- [Task statement]
Produce an exact copy of all the data below, dropping every image.

- [Dataset records]

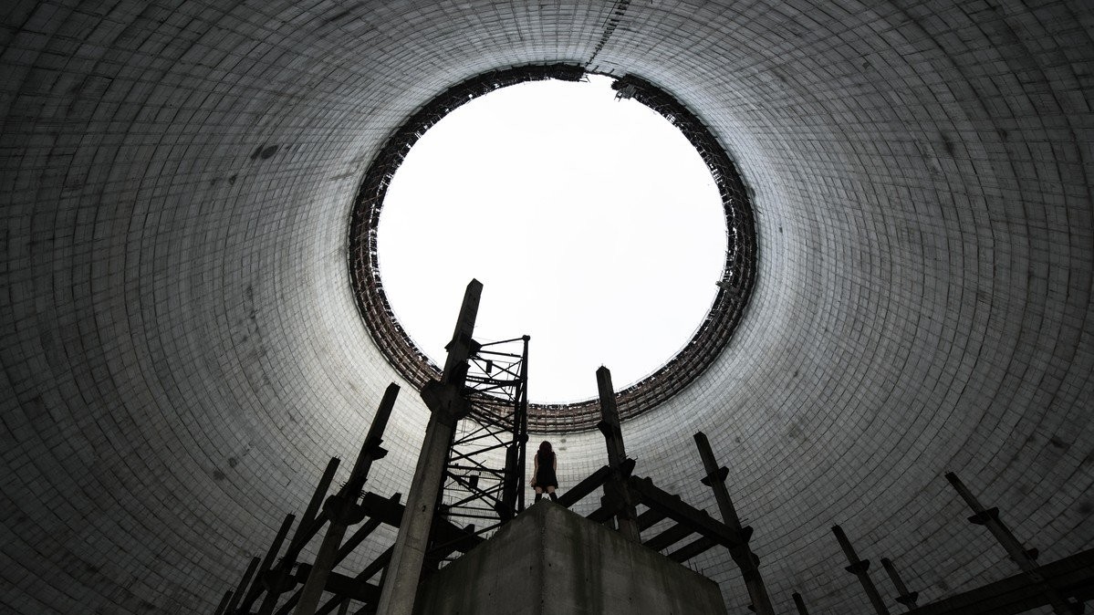 Всередині недобудованої охолоджувальної вежі на безлюдній території Чорнобильської станції.
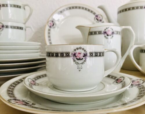 Antik reines Jugendstil Porzellan Kaffeeservice 10 Personen wunderschön!
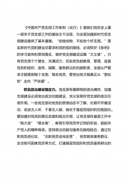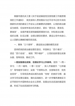 根据市直机关工委《关于促进基层党支部党建工作提质增效的工作通知》,我支部深入贯彻落实习近平总书记在中央和国家机关党的建设工作会议上的重要讲话精神,以党的政治建设为统领,切实树牢政治机关意识,紧扣“更生动、更亲民、更高效”,全面开展支部党建提质增效行动,对标政治过硬、组织过硬、队伍过硬、业绩过硬目标要求,建设让党中央放心、让人民群众满意的模范党支部。一、聚焦“三个表率”,建设政治过硬的模范支部坚持把党的政治建设摆在首位,牢固树立“四个意识”、坚定“四个自信”、做到“两个维护”,以党的创新理论武装头脑、指导实践、推动工作。一是加强理论武装,在理论学习上作表率。坚持“一周一学习、一月一辅导、一季一交...
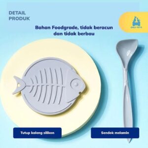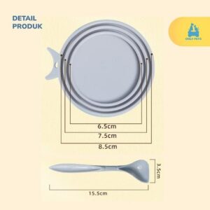 Alat ini merupakan penutup kaleng dan sendok yang digunakan untuk makanan kaleng anabul. Alat ini terbuat dari material silicone berkualitas yang sudah tersertifikasi food grade, sehingga sudah terjamin keamanannya, tidak beracun serta tidak berbau.
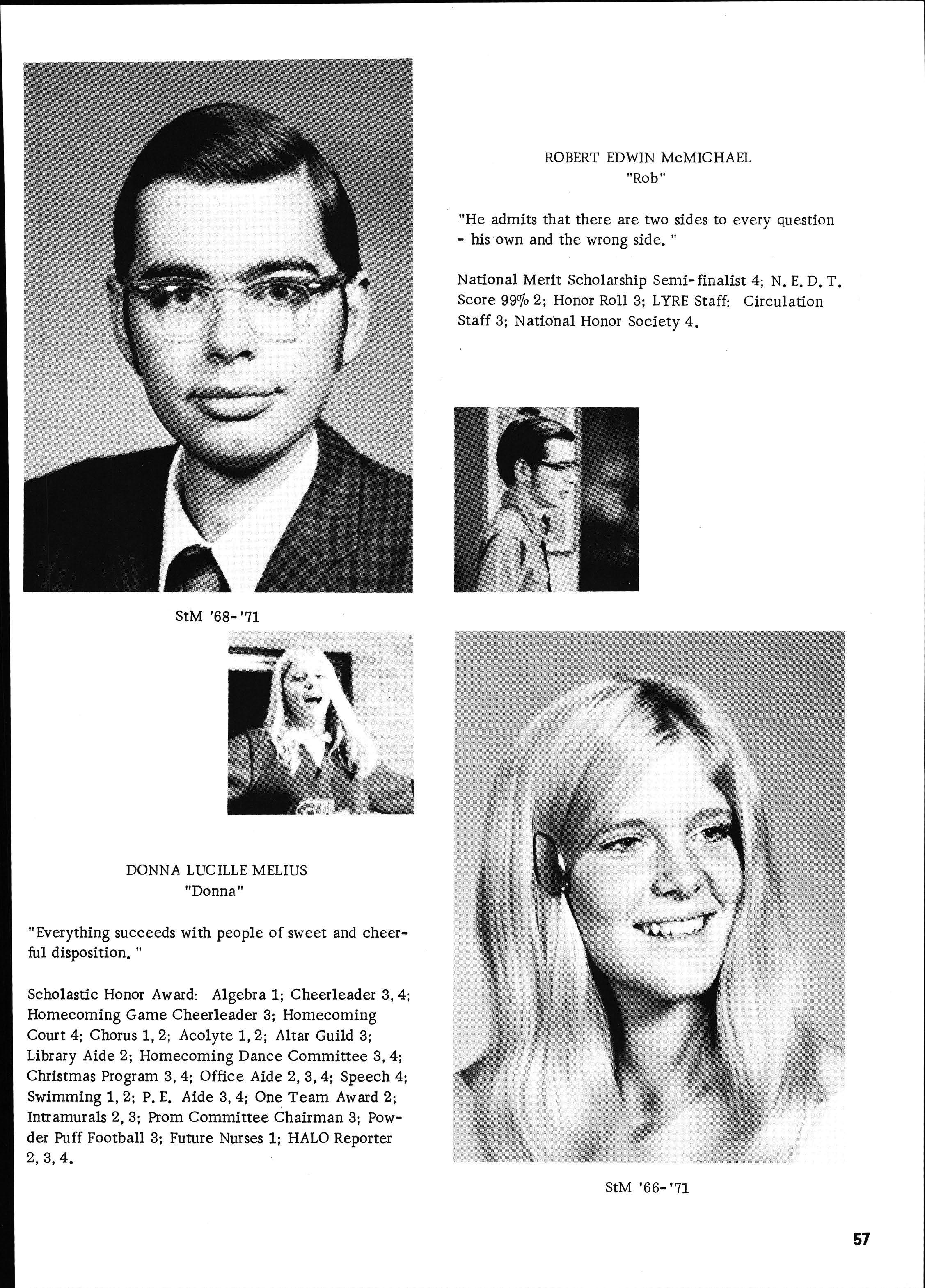 At St. Martin's, as in most other secondary schools, there has been considerable change in the mathematics curriculum. For the L970 -71 year, we have offered calculus for the tirst time. This is an advanced placement course and may earn college credit for those who pass the advanced placement exam with a sufficiently high score. Only those ,rrdents who have taken Math IV in their junior year will be qualified for the calculus course.
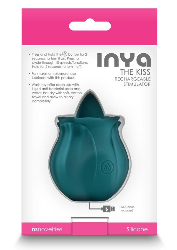 Kiss by INYA. Beautifully crafted in an eye-catching rosebud design, the Kiss stimulates the clitoris with rapid tongue vibrations for an intense climax. Made of soft silicone it is rechargeable and travel friendly.
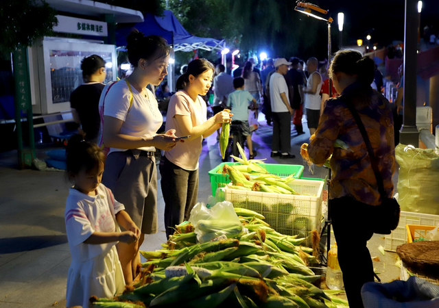 市民在夜市购买玉米
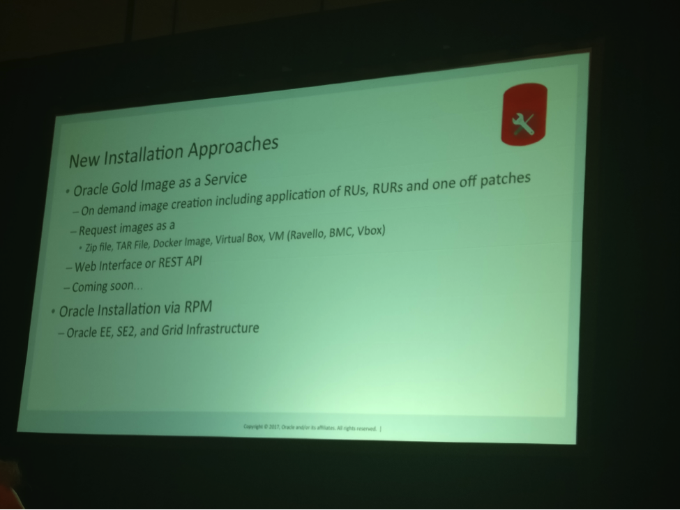 As shown above, many new installation approaches are coming soon. The one I’m most excited about is Oracle installation via RPM. Oracle already made some good improvements over the years with, for instance, the possibility to automatically configure Oracle Linux with preinstallation RPM: yum install oracle-rdbms-server-12cR1-preinstall. But the installation is still a very manual process, especially if you use the GUI. How cool will it be to just type: yum install oracle…
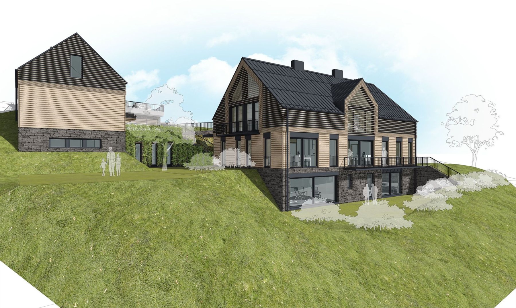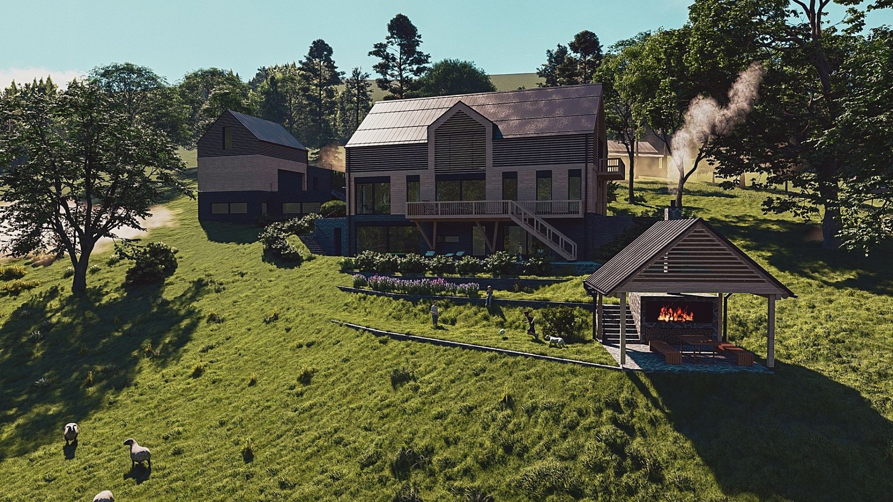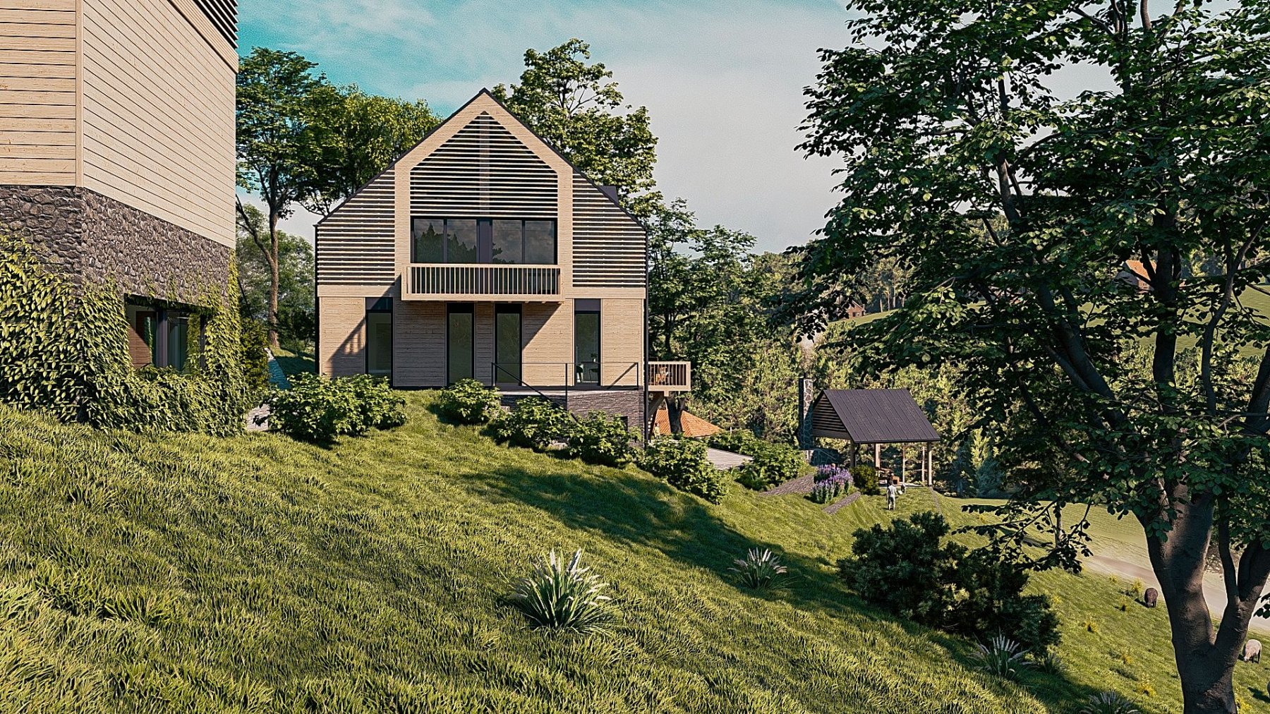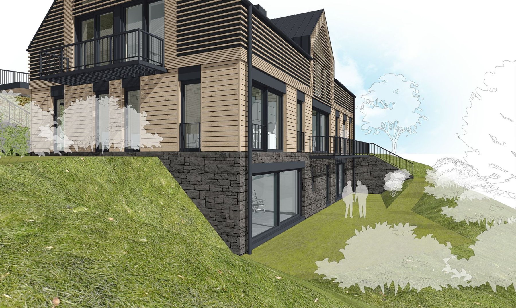 Aby bylo respektováno měřítko a rámec prostředí, byly navrženy tři samostatné budovy se sedlovými střechami, obložené dřevem a propojující vnitřní prostor s okolní krajinou spoustou prosklených ploch. Hlavní budova poskytla ubytování majitelům i hostům v prvním a druhém patře, a společenskou místnost a bazén v přízemí. Další možnosti ubytování byly navrženy ve druhém samostaném objektu. Venkovní posezení s krbem bylo umístěno samostatně na nejnižší terase.
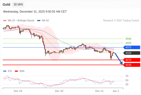 在 4372 之下,看跌,目标价位为 4274 ,然后为 4235 。
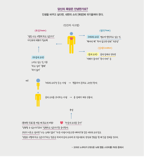 | Awareness (욕망 인식) | 나의 진짜 욕망, 하고 싶은 일을 솔직히 인식하고 받아들인다. |
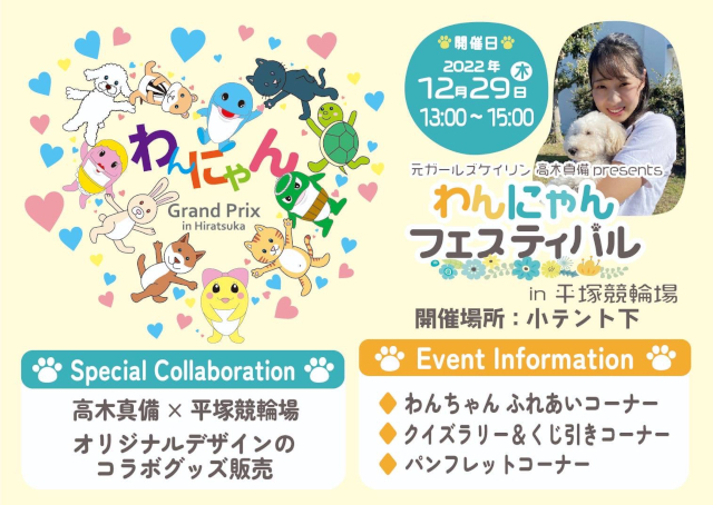 そしてそして、話は戻りますが、12月29日のガールズグランプリの日に、わんにゃんフェスティバルin平塚競輪場を開催いたします!
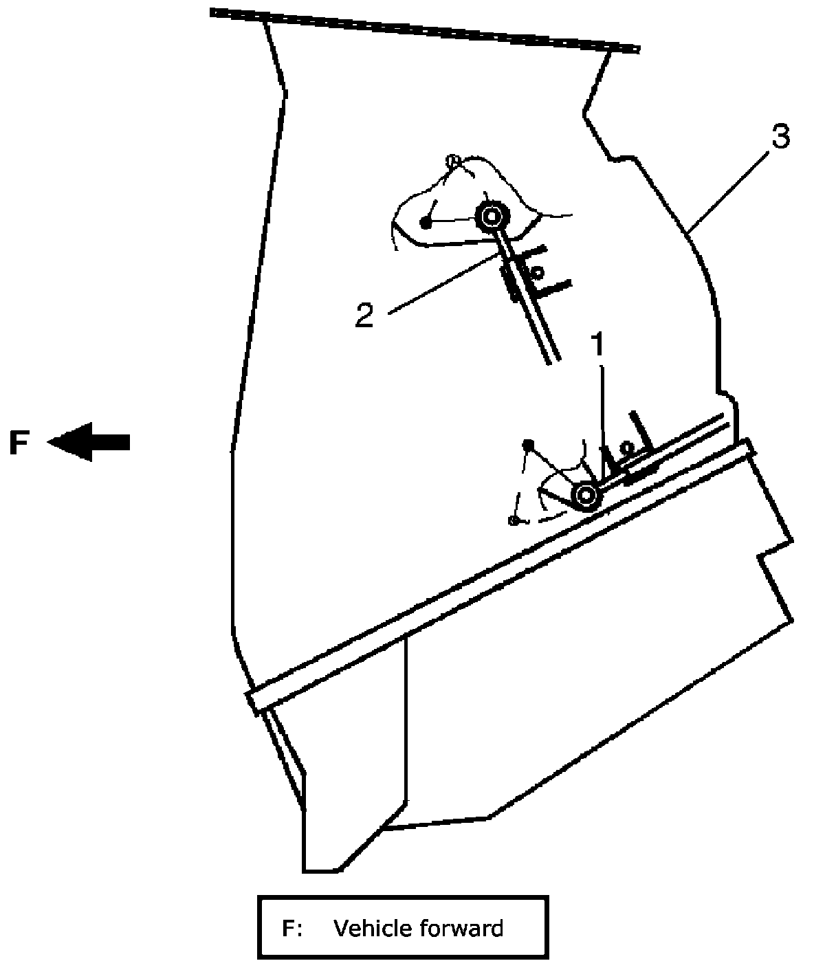 5. Disconnect temperature control cable (1) and air flow control cable (2) from HVAC unit (3).
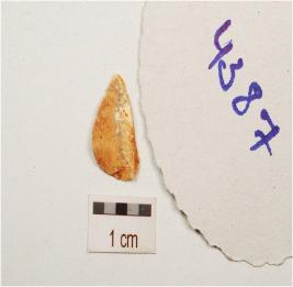 | Description / विवरण | A scraper made on chert , prominent bulb on ventral side, flake scars on dorsal side and use wear marks along the working edge. |
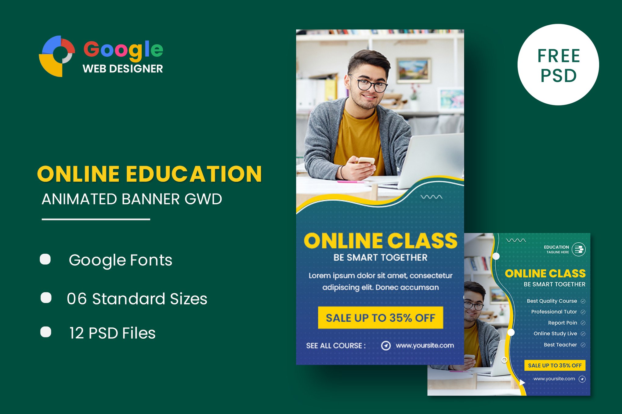 Introducing Online Class Animated Banner GWDis a professional set of banner templates designed for various business needs. With 06 standard sizes and HTML5/CSS3 effects, these banners are versatile and visually appealing. Easily customizable using Google Web Designer and Google Web Fonts, this package includes 06 HTML Ad templates and 12 PSD Banner templates. Enhance your online presence with these eye-catching banners and captivate your audience effectively.
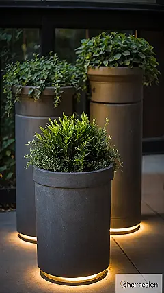 Look at these cool guys! These aren’t just regular flower pots; they’re like the VIPs of the plant world, chilling on your porch with their own personal spotlights. Imagine your house looking all fancy and welcoming, especially when the sun goes down and these sleek planters start glowing from the bottom. It’s like they’re saying, “Hey, come on in, we’ve got plants *and* mood lighting!” Putting these modern planters on your front porch isn’t just decorating; it’s basically giving your home a tiny, stylish concert stage for greenery, making your house look extra awesome right from the sidewalk.

- [Expected answer]
 Всередині недобудованої охолоджувальної вежі на безлюдній території Чорнобильської станції.
 Antik reines Jugendstil Porzellan Kaffeeservice 10 Personen wunderschön!
 根据市直机关工委《关于促进基层党支部党建工作提质增效的工作通知》,我支部深入贯彻落实习近平总书记在中央和国家机关党的建设工作会议上的重要讲话精神,以党的政治建设为统领,切实树牢政治机关意识,紧扣“更生动、更亲民、更高效”,全面开展支部党建提质增效行动,对标政治过硬、组织过硬、队伍过硬、业绩过硬目标要求,建设让党中央放心、让人民群众满意的模范党支部。一、聚焦“三个表率”,建设政治过硬的模范支部坚持把党的政治建设摆在首位,牢固树立“四个意识”、坚定“四个自信”、做到“两个维护”,以党的创新理论武装头脑、指导实践、推动工作。一是加强理论武装,在理论学习上作表率。坚持“一周一学习、一月一辅导、一季一交...
 Alat ini merupakan penutup kaleng dan sendok yang digunakan untuk makanan kaleng anabul. Alat ini terbuat dari material silicone berkualitas yang sudah tersertifikasi food grade, sehingga sudah terjamin keamanannya, tidak beracun serta tidak berbau.
 At St. Martin's, as in most other secondary schools, there has been considerable change in the mathematics curriculum. For the L970 -71 year, we have offered calculus for the tirst time. This is an advanced placement course and may earn college credit for those who pass the advanced placement exam with a sufficiently high score. Only those ,rrdents who have taken Math IV in their junior year will be qualified for the calculus course.
 Kiss by INYA. Beautifully crafted in an eye-catching rosebud design, the Kiss stimulates the clitoris with rapid tongue vibrations for an intense climax. Made of soft silicone it is rechargeable and travel friendly.
 市民在夜市购买玉米
 As shown above, many new installation approaches are coming soon. The one I’m most excited about is Oracle installation via RPM. Oracle already made some good improvements over the years with, for instance, the possibility to automatically configure Oracle Linux with preinstallation RPM: yum install oracle-rdbms-server-12cR1-preinstall. But the installation is still a very manual process, especially if you use the GUI. How cool will it be to just type: yum install oracle…
 Aby bylo respektováno měřítko a rámec prostředí, byly navrženy tři samostatné budovy se sedlovými střechami, obložené dřevem a propojující vnitřní prostor s okolní krajinou spoustou prosklených ploch. Hlavní budova poskytla ubytování majitelům i hostům v prvním a druhém patře, a společenskou místnost a bazén v přízemí. Další možnosti ubytování byly navrženy ve druhém samostaném objektu. Venkovní posezení s krbem bylo umístěno samostatně na nejnižší terase.
 在 4372 之下,看跌,目标价位为 4274 ,然后为 4235 。
 | Awareness (욕망 인식) | 나의 진짜 욕망, 하고 싶은 일을 솔직히 인식하고 받아들인다. |
 そしてそして、話は戻りますが、12月29日のガールズグランプリの日に、わんにゃんフェスティバルin平塚競輪場を開催いたします!
 5. Disconnect temperature control cable (1) and air flow control cable (2) from HVAC unit (3).
 | Description / विवरण | A scraper made on chert , prominent bulb on ventral side, flake scars on dorsal side and use wear marks along the working edge. |
 Introducing Online Class Animated Banner GWDis a professional set of banner templates designed for various business needs. With 06 standard sizes and HTML5/CSS3 effects, these banners are versatile and visually appealing. Easily customizable using Google Web Designer and Google Web Fonts, this package includes 06 HTML Ad templates and 12 PSD Banner templates. Enhance your online presence with these eye-catching banners and captivate your audience effectively.
 Look at these cool guys! These aren’t just regular flower pots; they’re like the VIPs of the plant world, chilling on your porch with their own personal spotlights. Imagine your house looking all fancy and welcoming, especially when the sun goes down and these sleek planters start glowing from the bottom. It’s like they’re saying, “Hey, come on in, we’ve got plants *and* mood lighting!” Putting these modern planters on your front porch isn’t just decorating; it’s basically giving your home a tiny, stylish concert stage for greenery, making your house look extra awesome right from the sidewalk.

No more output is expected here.